Your copy should hold only the lines from the one containing "ZARA ШОРТЫ RELAXED FIT СО СКЛАДКАМИ, ЭКРЮ" through the final line of the entries, exactly as written, with no pictures.

[Dataset excerpts]
_____
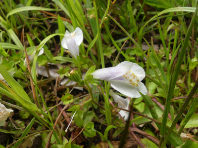 ![]() サギゴケ 紫色のものの方が多かったですが一ヶ所で白花がありました。ただ、よく見ると紫色が少し残っていました。 |
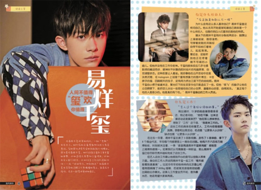 易烊千璽,2000年11月28日生于湖南懷化,中國內地男歌手、舞者、演員,TFBOYS成員,就讀于中央戲劇學院。2005年,首登電視熒屏,開始參演各類綜藝節目。2009年,加入“飛炫少年”組合,兩年后退出。2013年6月,獲邀加入TF家族;8月,以TFBOYS形式出道,2015年10月,為《小王子》男主角配音,該片刷新法國動畫電影在華票房紀錄。11月,表演自編舞蹈《IFYOU》和《RHYTHMTA》,創下愛奇藝生日會直播在線用戶數據高紀錄。
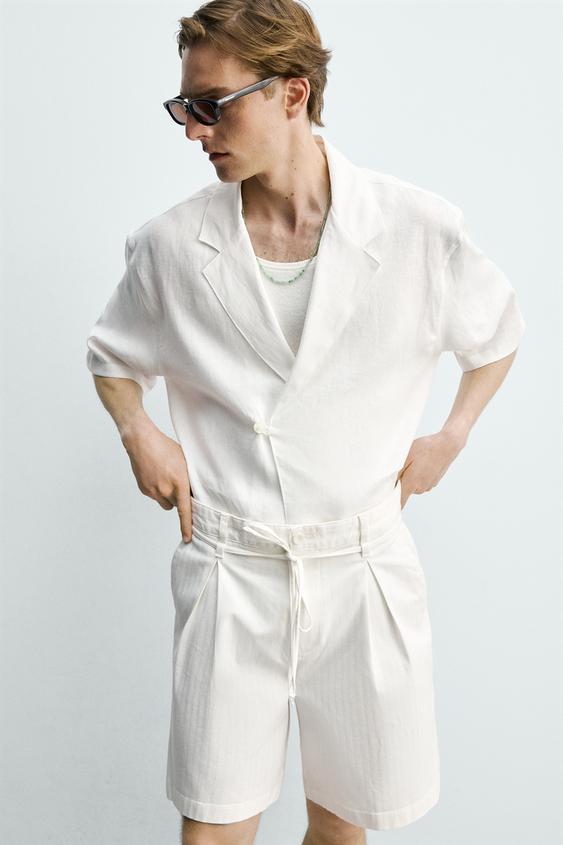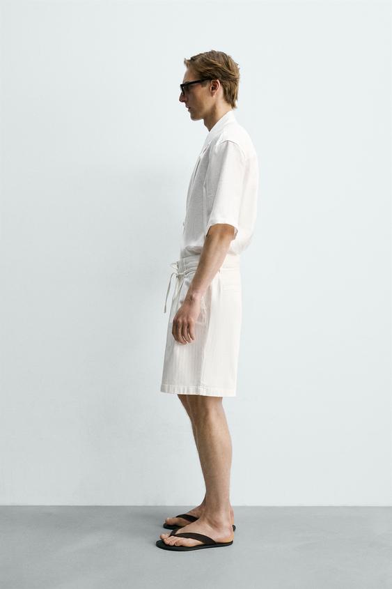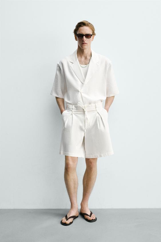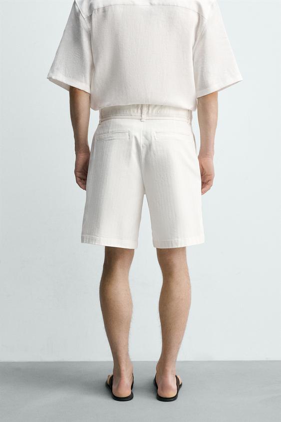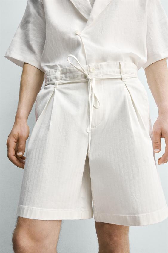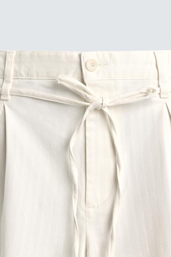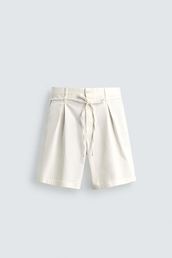 ZARA ШОРТЫ RELAXED FIT СО СКЛАДКАМИ, ЭКРЮ
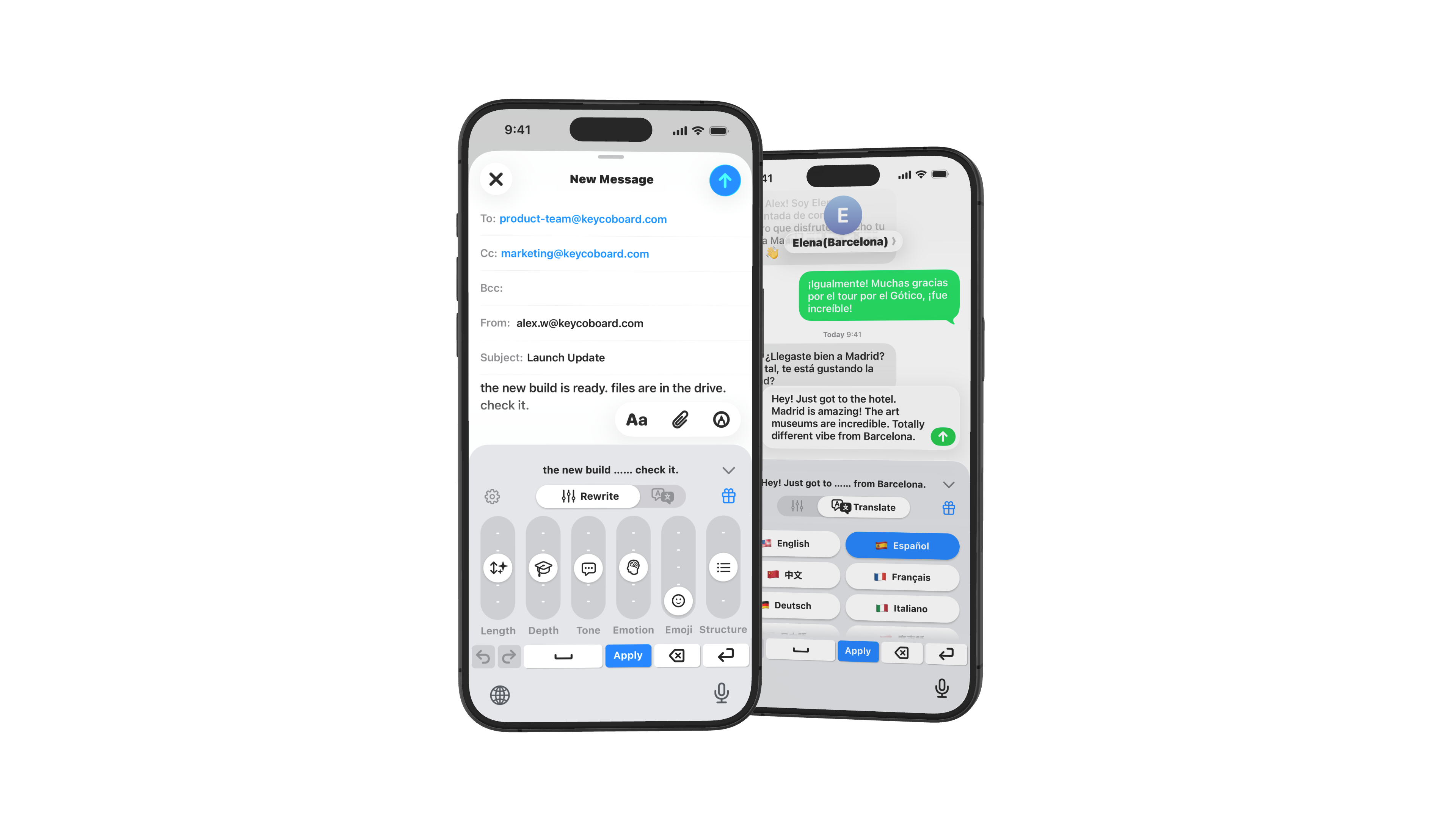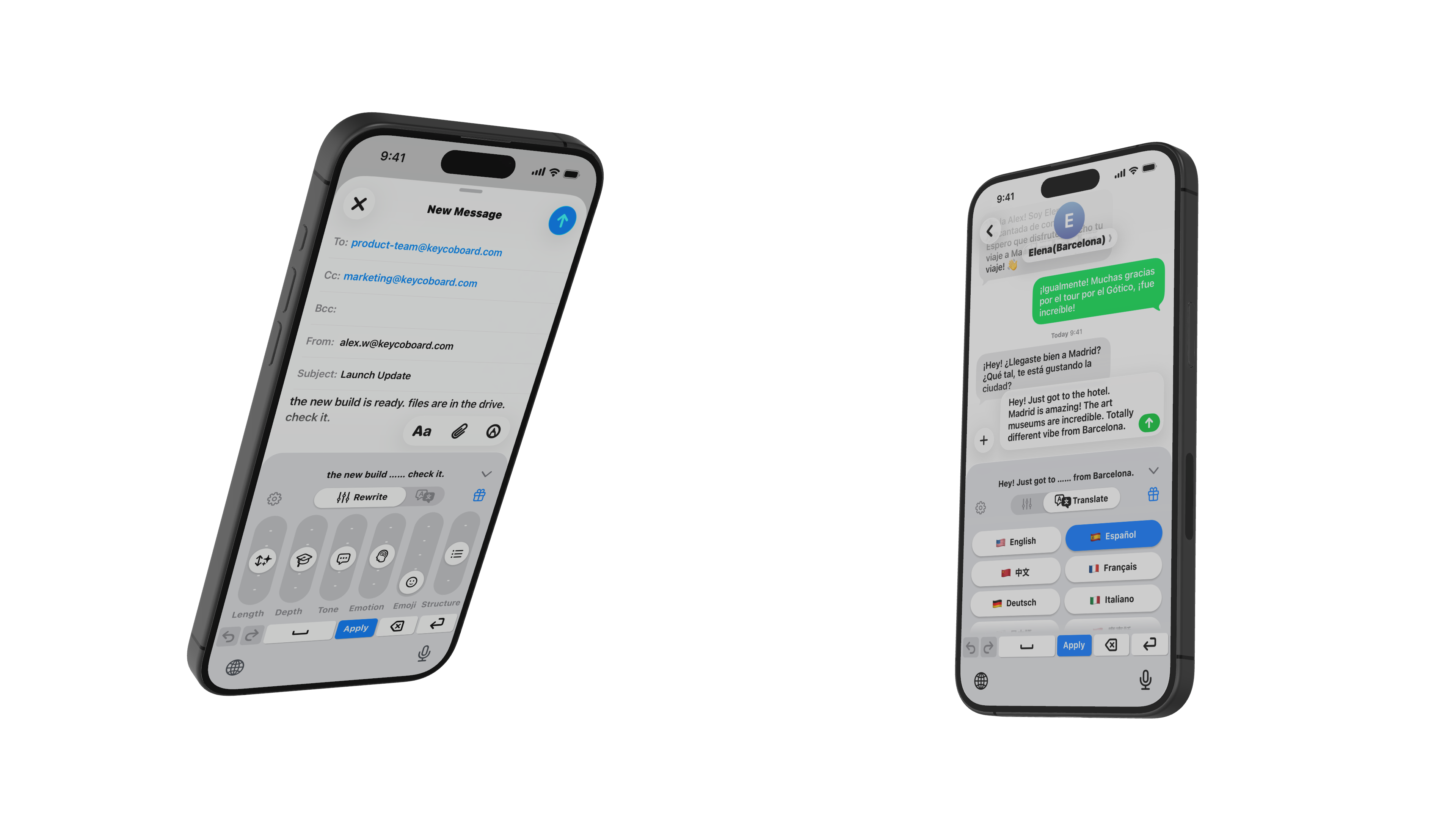 Slide to adjust tone, length, and style. Translate instantly. All inside your iOS keyboard.
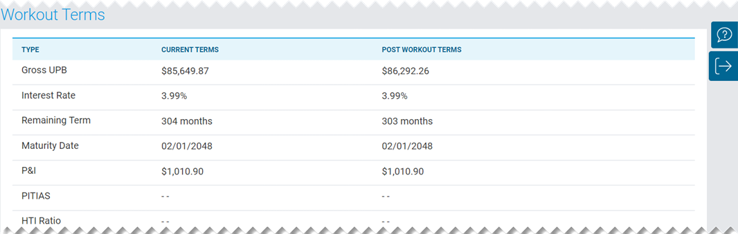 Current Terms | Displays the current mortgage terms prior to the workout. | |||||||||||||||||||
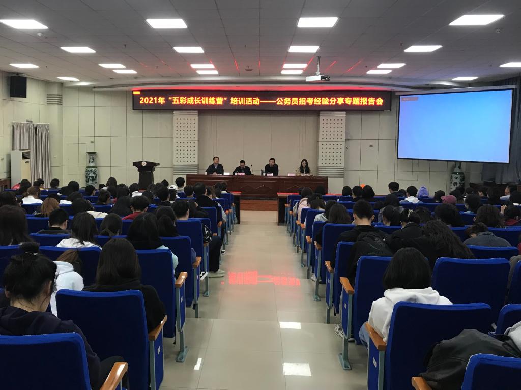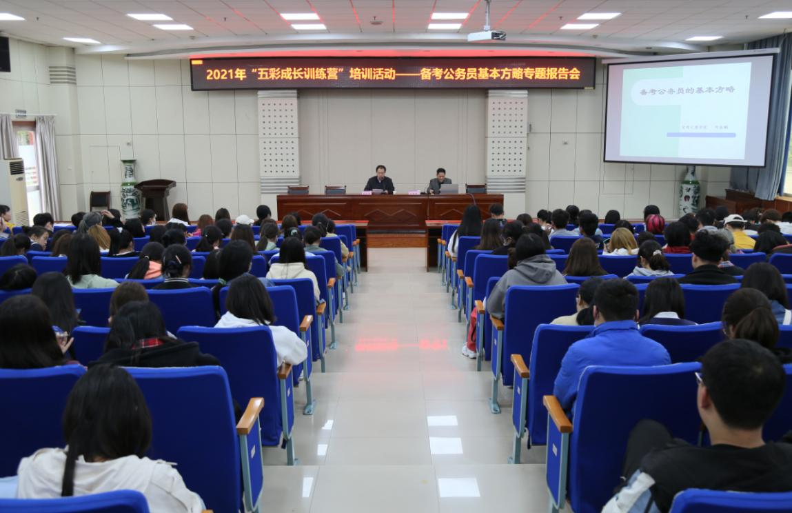 4月21日、23日下午,学工部(处)联合校团委、招就处、保卫处分别在高新校区木铎厅、石鼓校区综合楼2号报告厅举办了3场2021年春季学期“五彩成长训练营”第一期培训活动。本期活动分别由马克思主义学院教授何振鹏,政法学院、化学化工学院公务员招考成功毕业生来显斌、苏兴国、刘倩茹作了“公务员备考基本方略”和“公务员招考经验分享”专题报告会,共有600多名学生参加了培训。
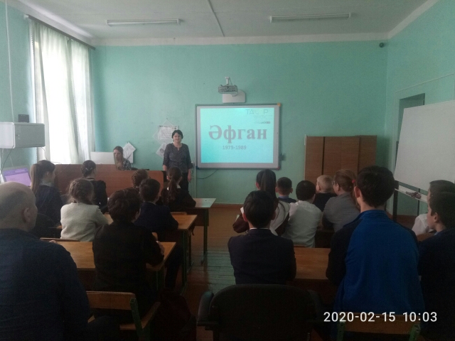 Учащимися 5-8 класса была подготовлена и продемонстрирована литературно-музыкальная композиция "Эхо Афганской войны". Дети прочитали стихотворения и спели песни, посвященные войне.
_____
* SOLUTION FOR THIS PROBLEM:
 ZARA ШОРТЫ RELAXED FIT СО СКЛАДКАМИ, ЭКРЮ
 Slide to adjust tone, length, and style. Translate instantly. All inside your iOS keyboard.
 Current Terms | Displays the current mortgage terms prior to the workout. | |||||||||||||||||||
 4月21日、23日下午,学工部(处)联合校团委、招就处、保卫处分别在高新校区木铎厅、石鼓校区综合楼2号报告厅举办了3场2021年春季学期“五彩成长训练营”第一期培训活动。本期活动分别由马克思主义学院教授何振鹏,政法学院、化学化工学院公务员招考成功毕业生来显斌、苏兴国、刘倩茹作了“公务员备考基本方略”和“公务员招考经验分享”专题报告会,共有600多名学生参加了培训。
 Учащимися 5-8 класса была подготовлена и продемонстрирована литературно-музыкальная композиция "Эхо Афганской войны". Дети прочитали стихотворения и спели песни, посвященные войне.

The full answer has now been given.